_What to do_:
Please leave out pictures and print exactly the lines from the one that has "В доме 3 просторных" through the last line of the material below.

_Data excerpt_:
----------
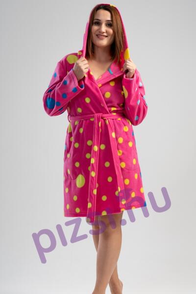 Extra méretű Polár női köntös: zsebel elátott középhosszban. Puha tapintású extra minőségű meleg hatású polár anyagból. Anyaga: 100% polieszter.
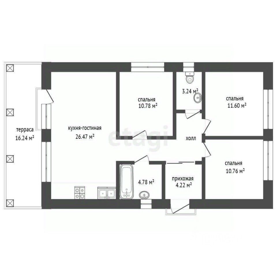 В доме 3 просторных спальни по 10-11 м2, просторная кухня-гостиная 26.47м2 с выходом на террасу (есть варианты домов с уже выполненной террасой 16м2), ванная комната 4.7 м2, прихожая 4.2 м2, а также котельная 3.2 м2, с заведенным электричеством 15 кВ, 380 В, бойлером, местом под газовый котел (газ в перспективе), скважиной (30м). В котельной предусмотрен выход под центральную воду (ее обещают подключить уже в 2026г.)
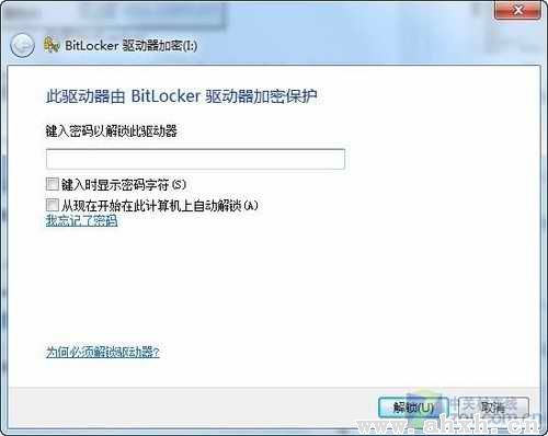 以后再将该U盘插入电脑后,会首先弹出一个“BitLocker驱动器加密”的提示框,只有正确输入密码后才能正常使用该U盘了。
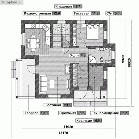 Проект одноэтажного дома "Радуга" из бруса
----------
_Exercise solution_:
 В доме 3 просторных спальни по 10-11 м2, просторная кухня-гостиная 26.47м2 с выходом на террасу (есть варианты домов с уже выполненной террасой 16м2), ванная комната 4.7 м2, прихожая 4.2 м2, а также котельная 3.2 м2, с заведенным электричеством 15 кВ, 380 В, бойлером, местом под газовый котел (газ в перспективе), скважиной (30м). В котельной предусмотрен выход под центральную воду (ее обещают подключить уже в 2026г.)
 以后再将该U盘插入电脑后,会首先弹出一个“BitLocker驱动器加密”的提示框,只有正确输入密码后才能正常使用该U盘了。
 Проект одноэтажного дома "Радуга" из бруса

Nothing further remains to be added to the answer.